EXCERPTED DATA:
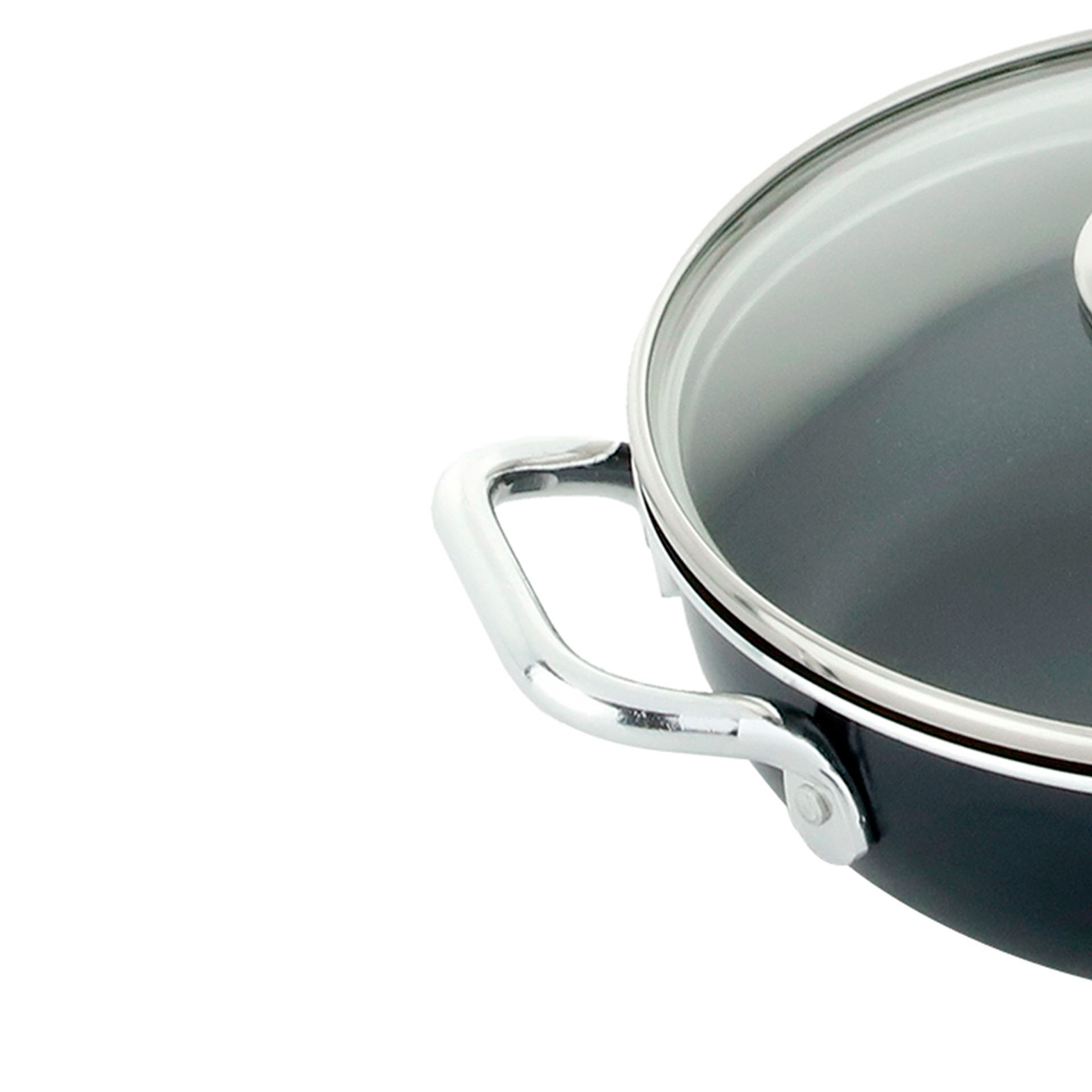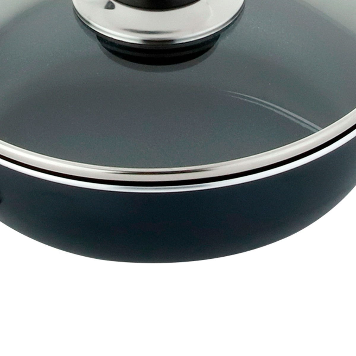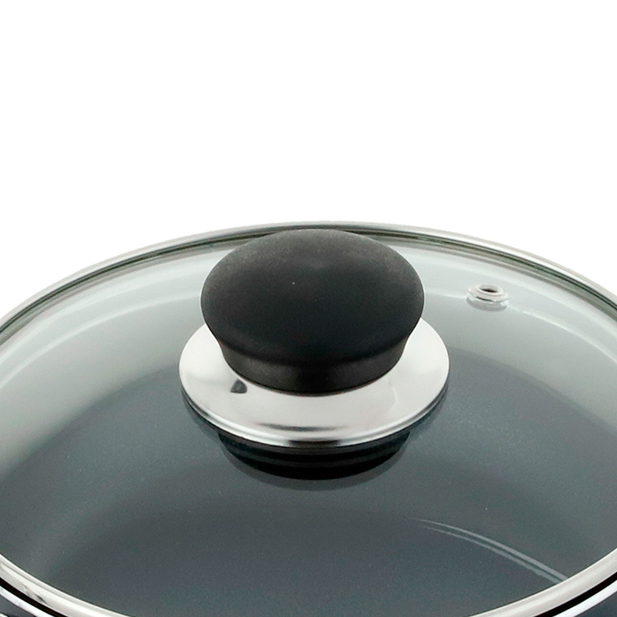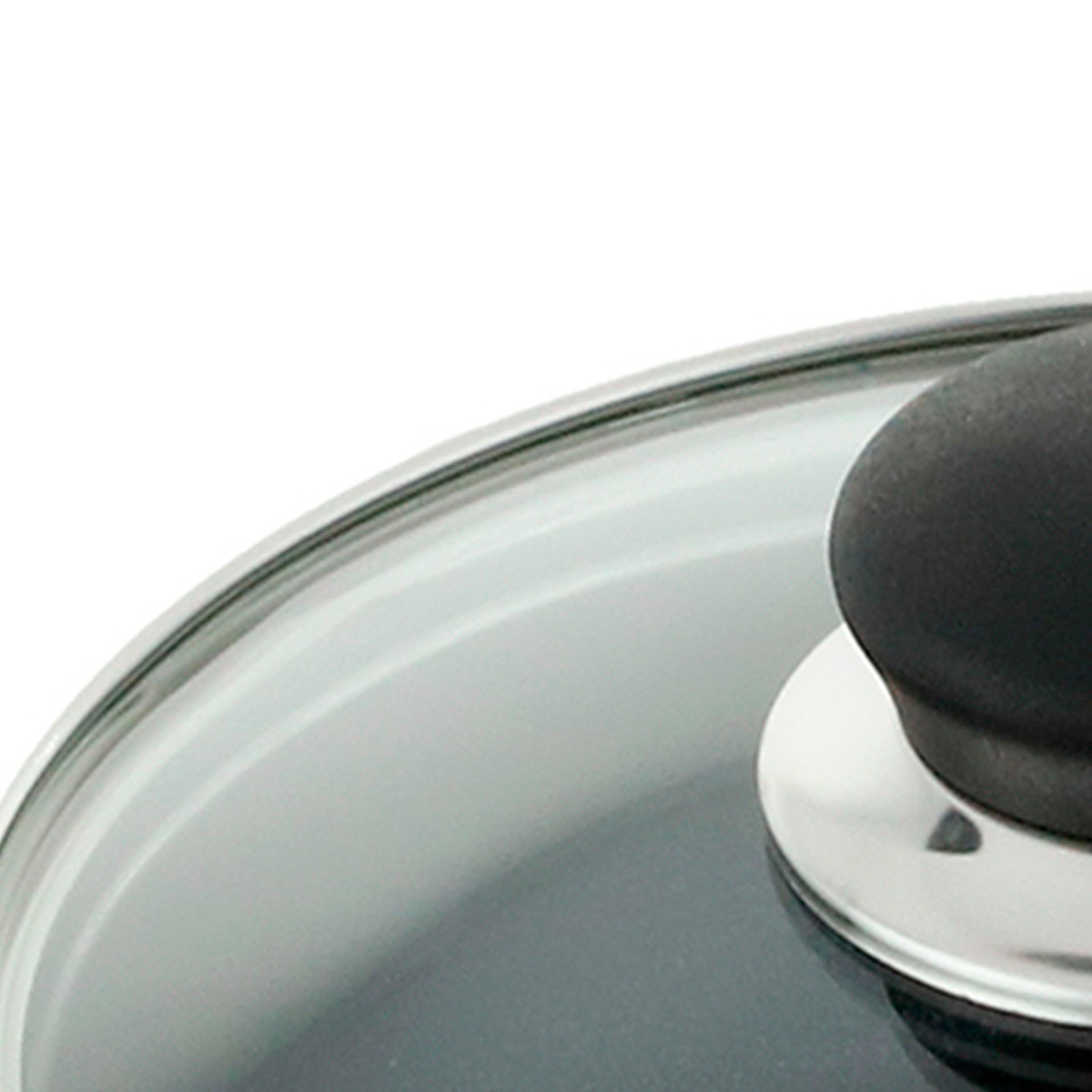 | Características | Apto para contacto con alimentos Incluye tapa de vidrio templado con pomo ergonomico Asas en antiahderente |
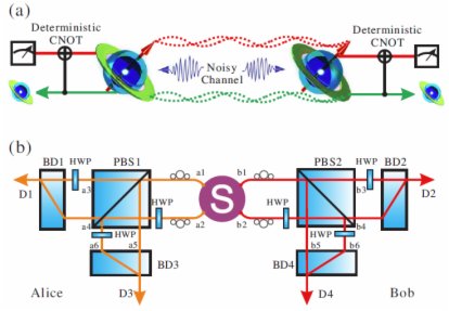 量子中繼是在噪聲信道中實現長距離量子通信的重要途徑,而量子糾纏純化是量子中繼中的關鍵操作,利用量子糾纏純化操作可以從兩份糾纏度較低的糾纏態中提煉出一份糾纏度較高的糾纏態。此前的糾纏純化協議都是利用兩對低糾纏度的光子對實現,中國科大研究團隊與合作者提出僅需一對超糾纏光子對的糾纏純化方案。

--

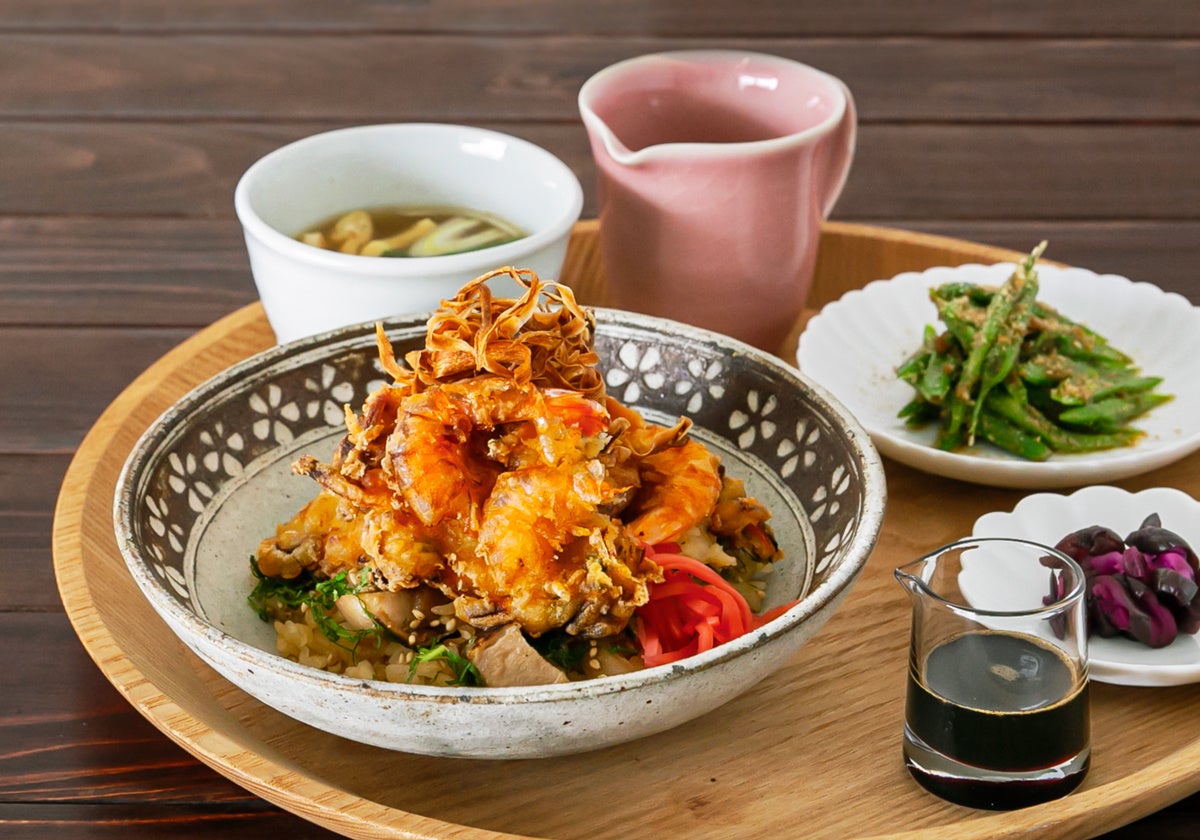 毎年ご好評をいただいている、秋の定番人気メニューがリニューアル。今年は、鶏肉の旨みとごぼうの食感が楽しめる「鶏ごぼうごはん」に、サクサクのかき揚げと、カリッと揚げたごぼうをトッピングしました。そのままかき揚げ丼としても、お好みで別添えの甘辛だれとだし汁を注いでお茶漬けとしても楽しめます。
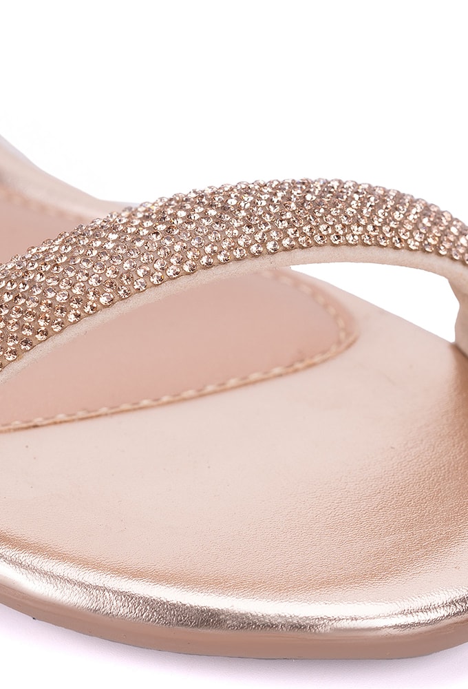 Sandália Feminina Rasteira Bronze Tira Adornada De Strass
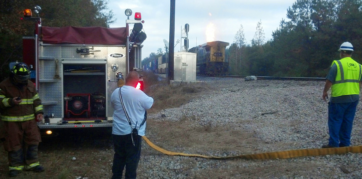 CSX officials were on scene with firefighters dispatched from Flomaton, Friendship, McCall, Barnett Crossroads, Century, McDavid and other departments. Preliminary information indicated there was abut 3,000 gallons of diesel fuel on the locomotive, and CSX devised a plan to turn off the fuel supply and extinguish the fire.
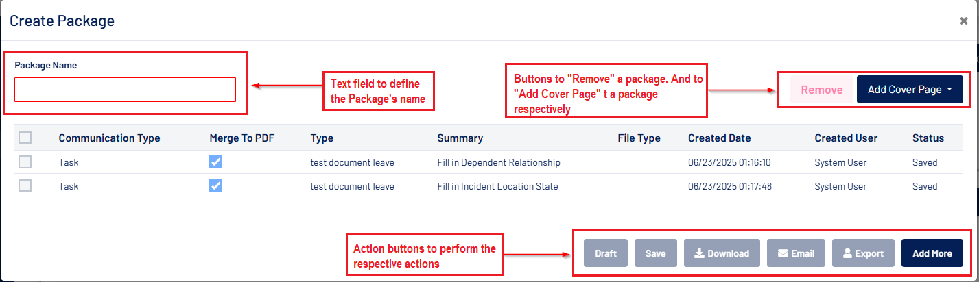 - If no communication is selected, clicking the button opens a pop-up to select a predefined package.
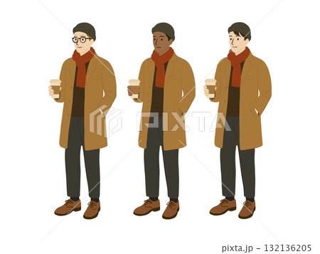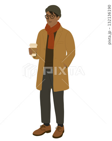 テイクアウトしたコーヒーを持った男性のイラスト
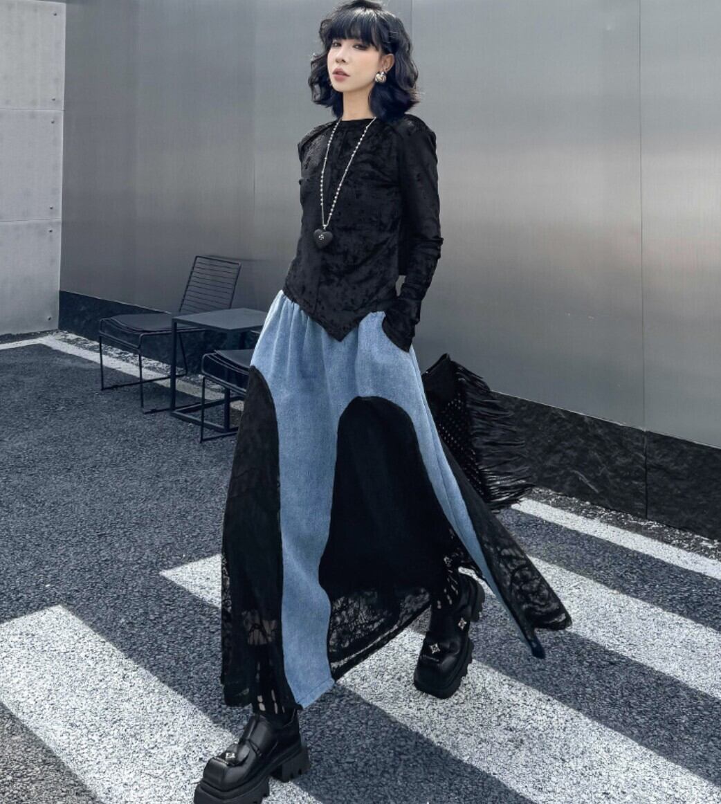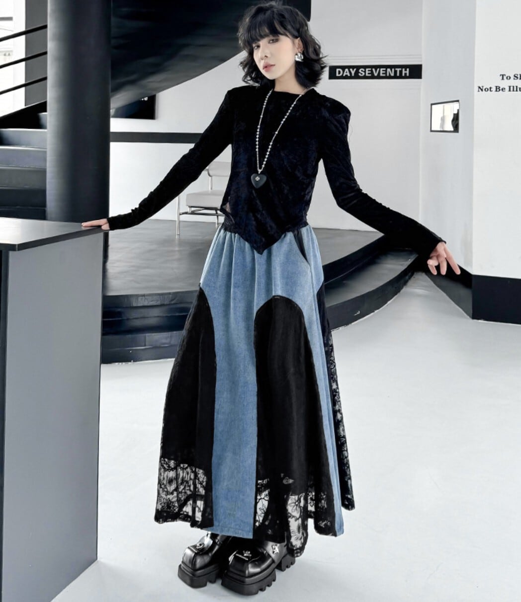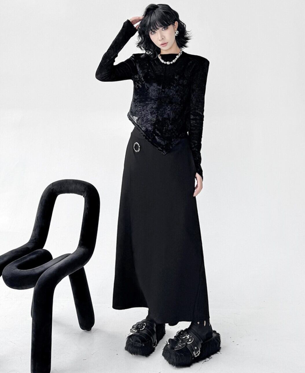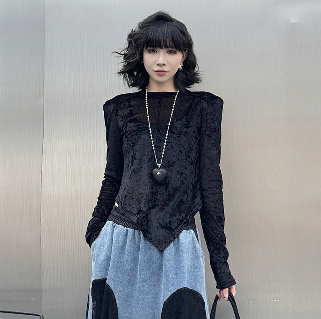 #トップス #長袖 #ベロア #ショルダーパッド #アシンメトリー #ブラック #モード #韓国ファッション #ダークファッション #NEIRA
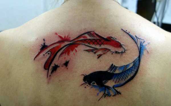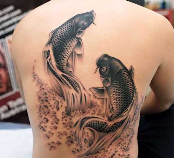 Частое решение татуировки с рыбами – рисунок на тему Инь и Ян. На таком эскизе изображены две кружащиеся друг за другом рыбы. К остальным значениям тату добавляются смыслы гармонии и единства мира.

* * *

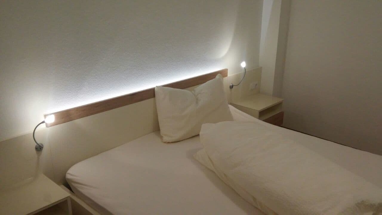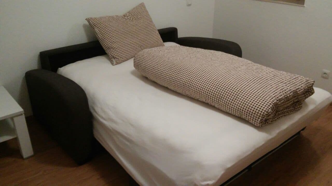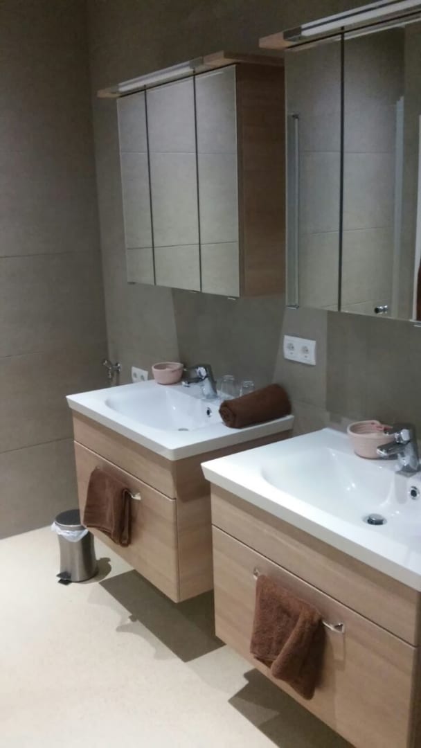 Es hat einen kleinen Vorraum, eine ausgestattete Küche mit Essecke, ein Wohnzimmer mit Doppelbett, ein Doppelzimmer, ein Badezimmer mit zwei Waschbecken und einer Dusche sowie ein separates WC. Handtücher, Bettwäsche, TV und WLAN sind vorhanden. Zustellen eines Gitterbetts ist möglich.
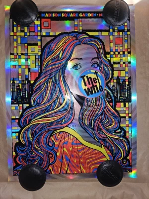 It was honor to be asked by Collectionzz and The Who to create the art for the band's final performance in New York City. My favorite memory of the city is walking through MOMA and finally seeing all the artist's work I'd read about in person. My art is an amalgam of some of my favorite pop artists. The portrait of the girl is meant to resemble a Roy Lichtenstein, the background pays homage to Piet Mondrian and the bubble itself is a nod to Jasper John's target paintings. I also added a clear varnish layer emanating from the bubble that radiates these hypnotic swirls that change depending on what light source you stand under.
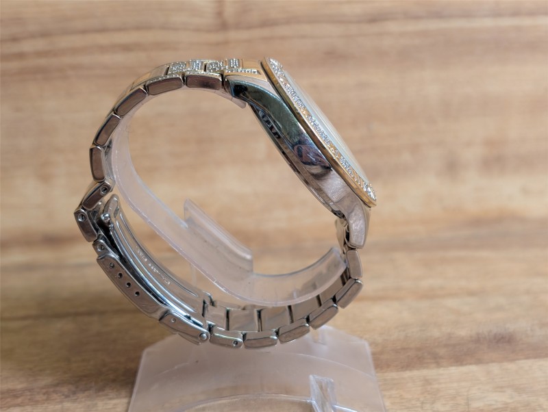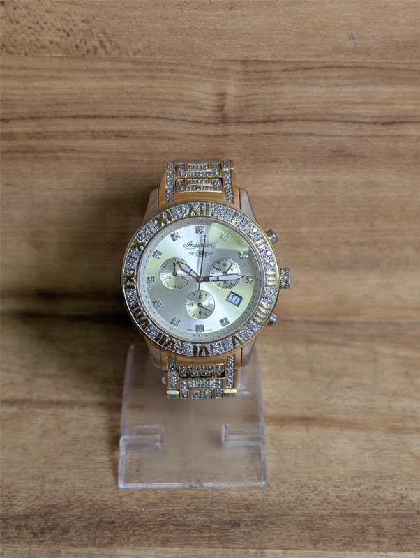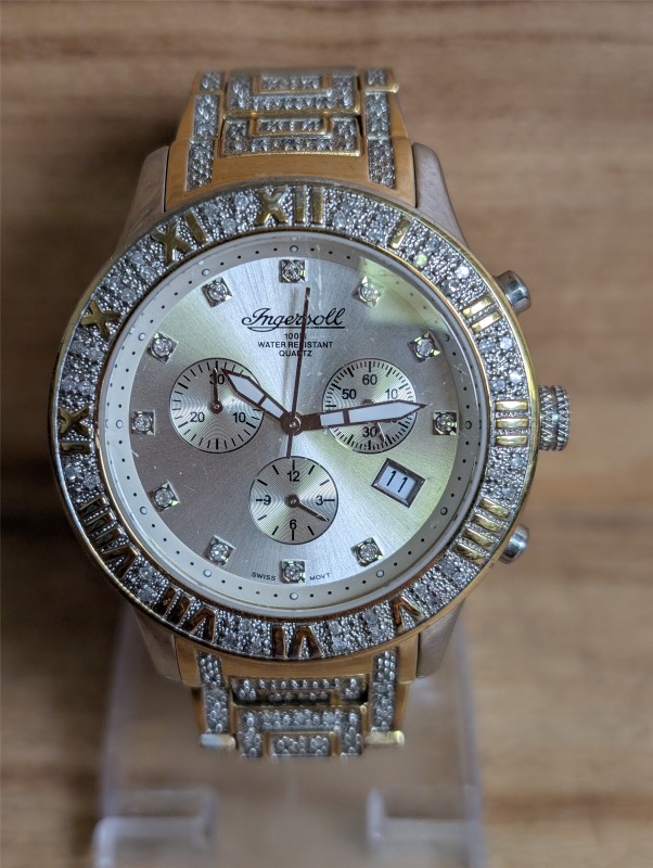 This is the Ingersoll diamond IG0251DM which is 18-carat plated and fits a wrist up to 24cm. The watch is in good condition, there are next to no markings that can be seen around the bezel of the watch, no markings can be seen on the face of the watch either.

GOAL OF THE EXERCISE: In the listing above, find the line holding "- If no communication" and the line holding "Частое решение татуировки". Reproduce those two lines and all between them exactly, leaving out pictures.

EXERCISE OUTPUT:
 - If no communication is selected, clicking the button opens a pop-up to select a predefined package.
 テイクアウトしたコーヒーを持った男性のイラスト
 #トップス #長袖 #ベロア #ショルダーパッド #アシンメトリー #ブラック #モード #韓国ファッション #ダークファッション #NEIRA
 Частое решение татуировки с рыбами – рисунок на тему Инь и Ян. На таком эскизе изображены две кружащиеся друг за другом рыбы. К остальным значениям тату добавляются смыслы гармонии и единства мира.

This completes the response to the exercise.